We all like to think we’re dutiful little ink slingers, writing pitch-perfect prose and never straying into bloodcurdlingly-bad storytelling territory.  Sometimes even the best manuscript becomes possessed by bad writing that’s in need of a little exorcism.

Here are some tips on how to find the sickness within your story or book and purge it.

The Stages of the Exorcism

Every good exorcism follows a standard checklist used to pinpoint and purge the bad parts:

  • Pretense – When the demon hides its true identity
  • Breakpoint – When the demon reveals itself
  • Clash – When the exorcist and the demon fight for the soul of the possessed
  • Expulsion – If the exorcist wins the battle, the demon leaves the body of the possessed

PRETENSE: Determining the true identity of your story

The first step to any good manuscript exorcism is determining whether the offending text is actually a good story hiding its identity in malevolent prose.

Wordiness, passive voice, gaping plot holes – all of these things and more can turn a good story into one that haunts you in the middle of the night.

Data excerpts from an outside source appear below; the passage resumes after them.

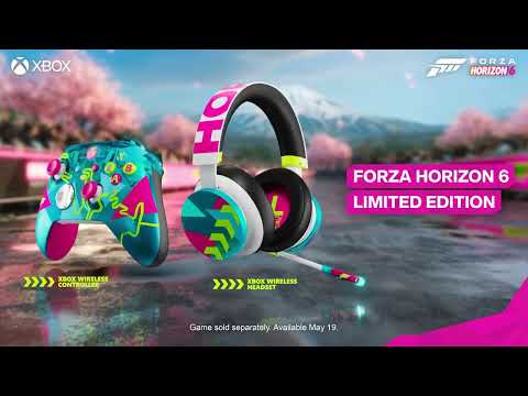 The video is a promotional trailer for the Forza Horizon 6 Limited Edition Xbox controller and gaming headset, created in partnership with GameStop. These accessories are inspired by the Horizon Festival in Japan, which is the setting of Forza Horizon 6.
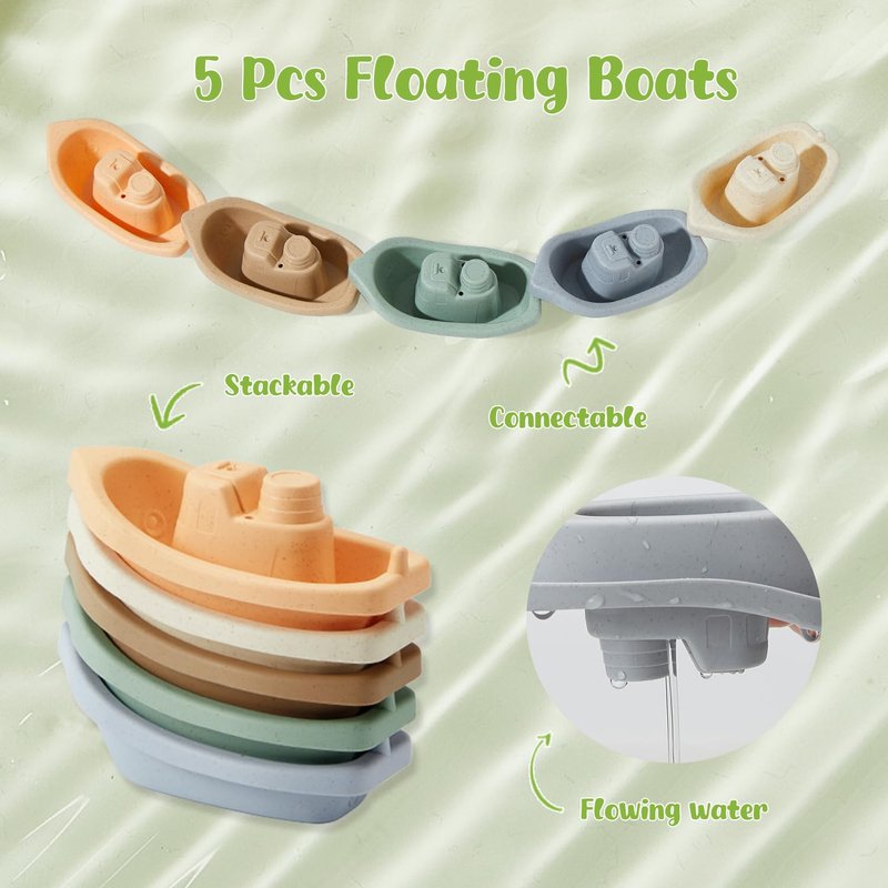 Bath Toys Floating Boats with Silicone Bath Toys, 9 PCS Mold Free Baby Bath Toys for Infants 6-12-18 Months Bathtub Water Table Toys for Toddlers 1-3, Water Pool Toys for 1 2 3 4 Boys Girls Kids
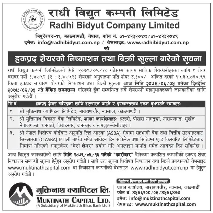 राधी विद्युत कम्पनीकाे आजदेखि हकप्रद बिक्री खुला
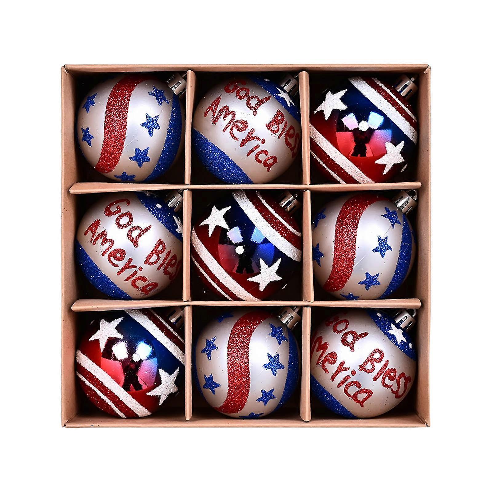 Independence Day 6CM-9pcs Box Set Electroplating Hand Drawn Red White Blue Day Decoration Decoration
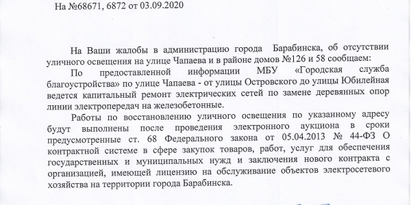 Номер жалобы:68671 Тип жалобы:Прочее Название объекта: Регион:Новосибирская область Город:Барабинск Адрес:улица Чапаева, 58 Описание жалобы:Освещения нет на улице Чапаева. Очень темно передвигаться, а сейчас ещё школа и садики начались. Статус:
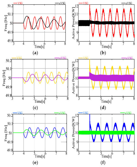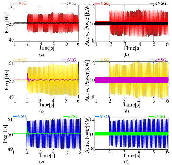 - By comparison of the VSG and eVSG systems from a perspective of oscillation and its transfer, it can be concluded that, in a wide range of grid inertia levels (Jp from 0.0125 to 1) and grid-tied systems, the eVSG strategy has significantly better performance on robustness than the VSG strategy when suffering same disturbance.

Remember that spark of creativity that gave you the idea in the first place? Try to figure out how your idea has mutated from the compelling, page-turner you first imagined. Those are the afflicted parts that need to be exorcised.

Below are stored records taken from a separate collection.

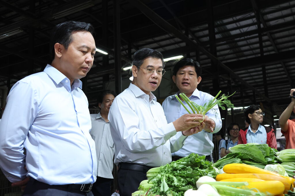 | Une inspection des dirigeants sur la sécurité alimentaire au marché de gros Binh Dien, à Hô Chi Minh-Ville. |
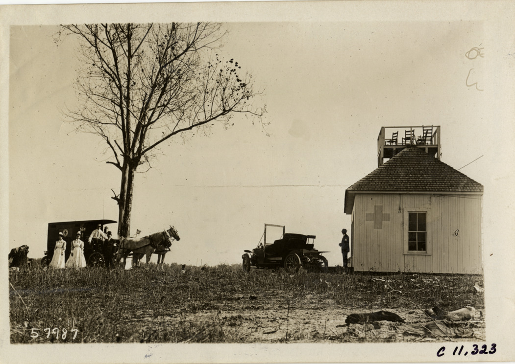 View from horse-drawn ambulance and automobile in front of infirmary building at Atlanta Speedway in Georgia. Two nurses, wearing uniforms, stand in front of ambulance. Stamped on back: "Spooner & Wells, Inc., photographers, telephones 3472-3473 Columbus, 1931 Broadway, New York." Handwritten on back: "Races and racing--Atlanta Speedway races, 1909."
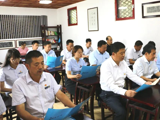 座談會結(jié)束后,所有參加黨建共建活動人員參觀了大峰山黨性教育基地“紅色南黃崖”教學(xué)點,充分感受革命情懷、錘煉黨性意志,并在初心廣場面對黨旗舉起右手,重溫入黨誓詞,莊嚴向黨組織宣誓,叩問內(nèi)心初衷,堅定理想信念。
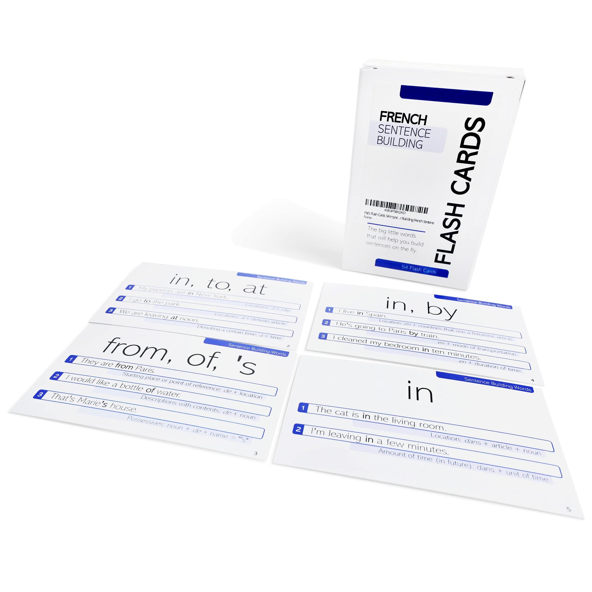 - Q: What are Pat's Flash Cards designed for? A: Pat's Flash Cards are specifically designed to help learners build French sentences by mastering 54 important prepositions and other tricky words that can change meaning based on their position in a sentence.
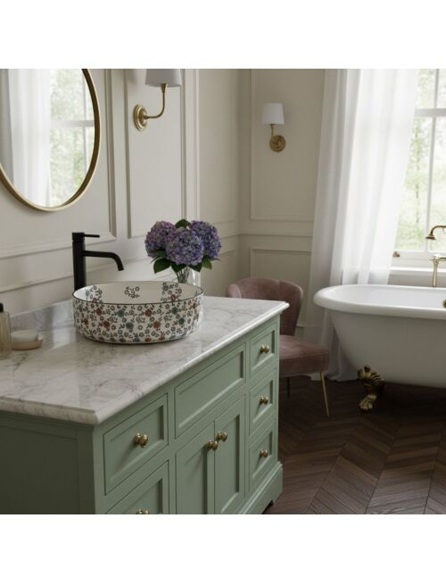 | Przenieś swoją łazienkę w świat rustykalnej elegancji dzięki umywalce nablatowej Rea Stefania Fiori. Ten wyjątkowy model wyróżnia się bogatym, wielokolorowym wzorem kwiatowym, który zdobi zarówno zewnętrzną powierzchnię, jak i wnętrze misy. Wykonana z najwyższej jakości ceramiki sanitarnej, łączy w sobie artystyczny design z praktycznym zastosowaniem, idealnie pasując do wnętrz w stylu vintage.Podwójne zdobienie – unikalny, ludowy wzór kwiatowy znajduje się zarówno na zewnętrznej ściance, jak i wewnątrz umywalki.Wysokiej jakości ceramika sanitarna – gwarantuje odporność na codzienne użytkowanie oraz jest wyjątkowo łatwa w utrzymaniu czystości.Montaż nablatowy – pozwala na nowoczesną aranżację i pełne wyeksponowanie piękna wzorzystego korpusu na dowolnym blacie.Okrągły kształt misy – klasyczna i ponadczasowa forma, która jest zarówno elegancka, jak i praktyczna.Brak otworu na baterię – konstrukcja dedykowana do montażu z bateriami wysokimi (stojącymi) lub bateriami podtynkowymi (ściennymi).Brak otworu przelewowego – podkreśla minimalistyczny i gładki design wewnętrznej misy, zapewniając idealnie gładką powierzchnię.Umywalka nablatowa Rea Stefania Fiori to doskonały wybór dla osób, które cenią sobie oryginalność i chcą wprowadzić do wnętrza wyrazisty, dekoracyjny akcent. Perfekcyjna w każdym detalu, będzie centralnym punktem każdej rustykalnej lub eklektycznej łazienki. |

BREAKPOINT: The demon reveals itself

So, all this poking and prodding of your story is going to stir things up a bit. Confusion will give way to extreme panic. Shouting obscenities is not uncommon. All the darkness once seething just below the surface is going to rear its ugly head.

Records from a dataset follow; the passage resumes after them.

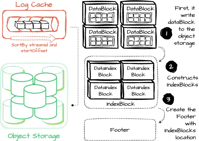 - The message in the log cache is asynchronously written to the object storage after landing in the WAL.
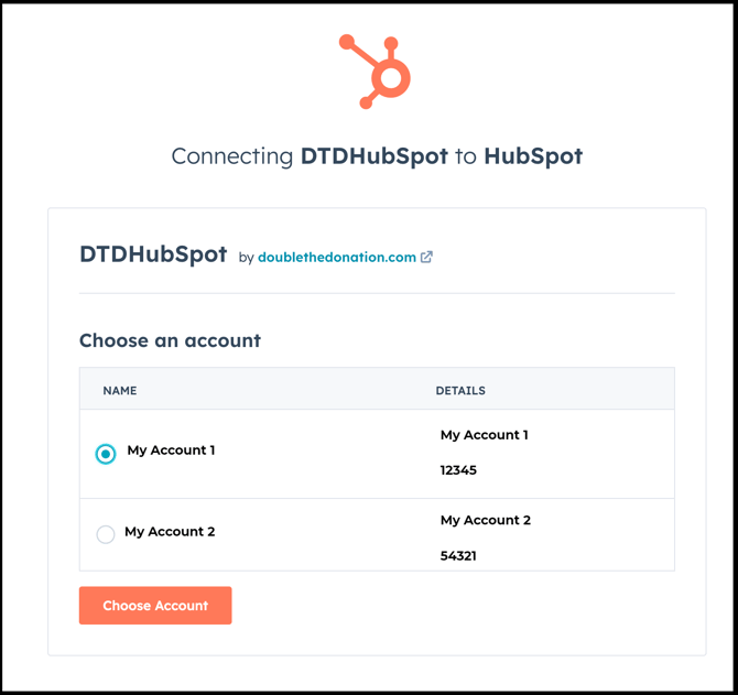 Select the HubSpot account you want to connect, then click Choose Account.
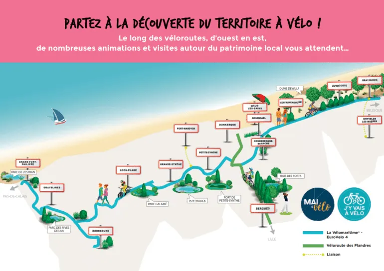L’occasion pour la Communauté urbaine de Dunkerque de mettre à l’honneur le vélo. Ce samedi 28 mai la Cud vous propose de découvrir d’Ouest en Est le territoire le long des véloroutes. De nombreuses animations et visites autour du patrimoine sont au programme.
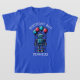 Personlig pojkens födelsedag T-shirt med ett robottema. Färg är blått, rött och svart. En tecknad robot som håller upp röda och blå ballonger. Tvätta för nån liten pojke som kärlek robotar!
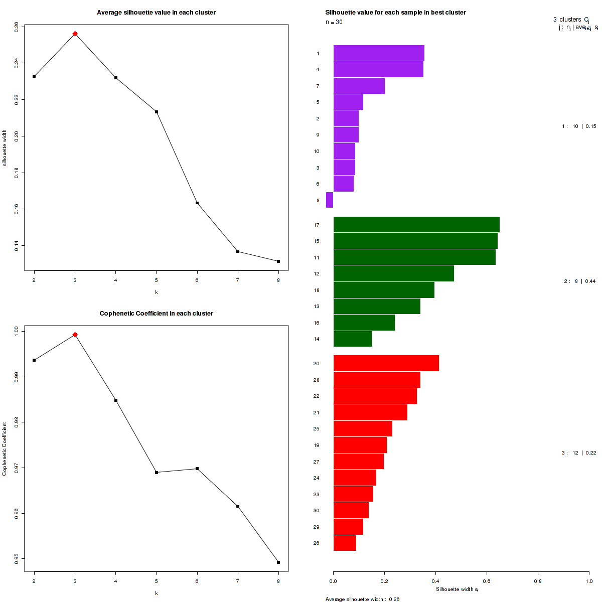 Figure 3. Get High-res Image The silhouette width was calculated for each sample and each value of k. The left upper panel shows the average silhouette width across all samples for each tested k (left upper panel). The left lower panel shows the Cophenetic Correlation Coefficients for each tested k. The right panel shows assignments of clusters to samples and the silhouette width of each sample for the most robust clustering.
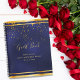 Un 60e anniversaire de fête informelle Livre d'invité pour lui, garçon, gars en bleu foncé, arrière - plan bleu marine. La couleur bleue est inégale. Avec un cadre en faux or et des confettis dorés saupoudrés, des lettres de couleur dorée. Le titre Guest Book est écrit avec un script de style moderne écrit à la main. Modèle pour un nom, 60 ans, date.
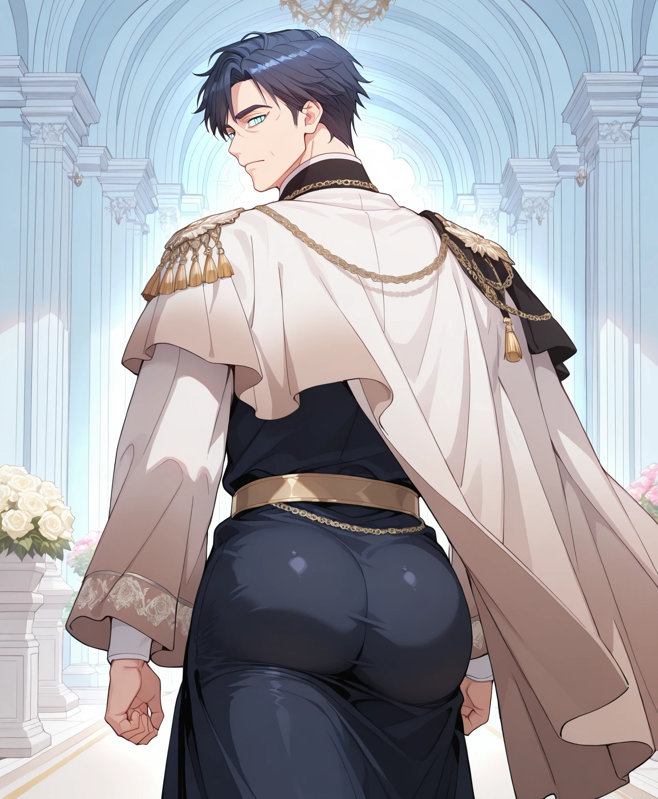 Outfit: ornate royal outfit,pastel blue brocade coat,black high collar tunic,gold chains and epaulette,white cape,
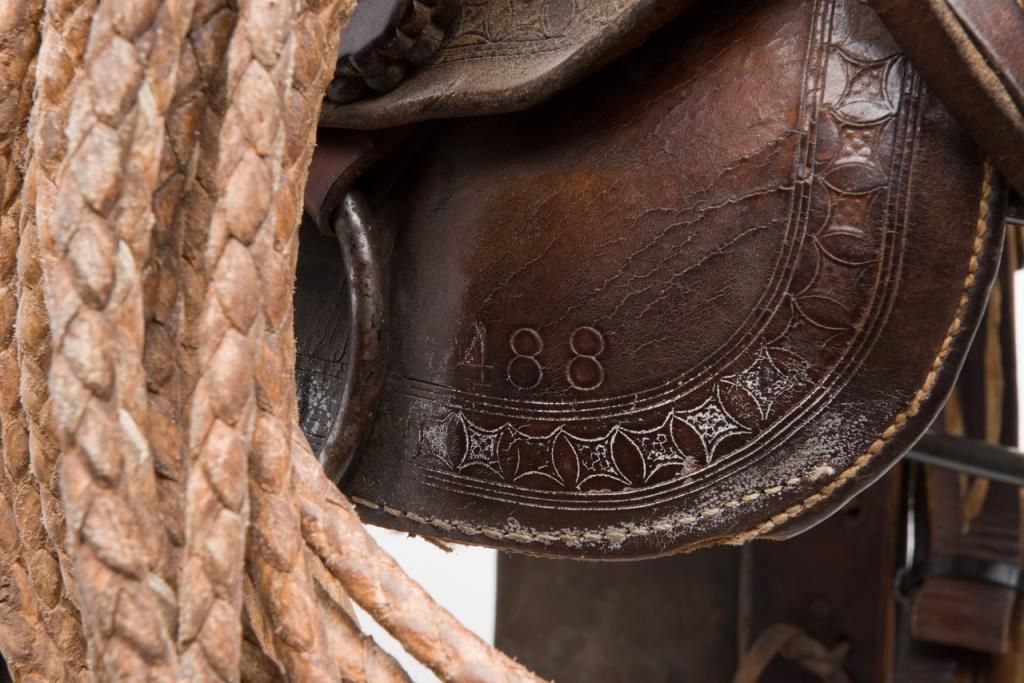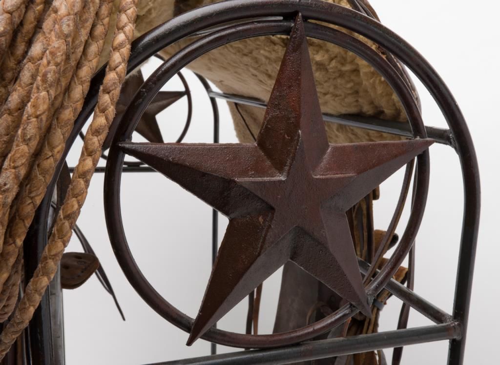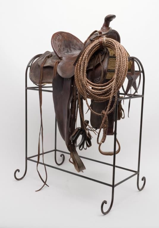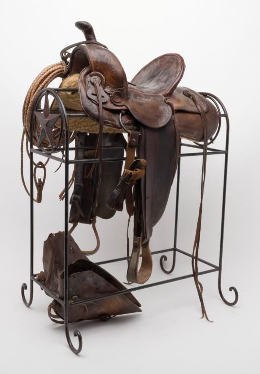Great looking Western tooled leather stock high back saddle on iron stand prominently displaying Texas stars at both ends, in overall well-used but good condition including large leather tapaderos and a braided reata. Est.: $350-$700.

Take a deep breath. This is what you want. Unless you tackle these problems head-on, you might as well be running around in the dark with a busted flashlight. So grit your teeth and with steely determination, soldier forward. You can do this.

CLASH: The exorcist (author) and the demon fight for the soul of the possessed (story)

Now that you’ve got a snarling beast of a broken story on your hands, it time to channel your inner Father Damien and arm yourself with the tools you need to fight for the story you want to tell.

Work to make your opening hook one that readers will salivate over, make sure there is believable conflict and give your characters a goal that matters. All of these things will put you well on the way to writing a story with soul.

EXPULSION: If the exorcist wins the battle, the demon leaves the body of the possessed

Not every devilishly-possessed story is going to go along quietly. Some may snarl and drool. Others may huddle and swipe with claws. It might seem like you will never win. But persistence is key.

Casting out the bad parts doesn’t have to be as messy as watching your beloved projectile vomit pea soup. Daunting, it may be. But with iron will, steely determination and a commitment to confronting the evil head-on, you will succeed.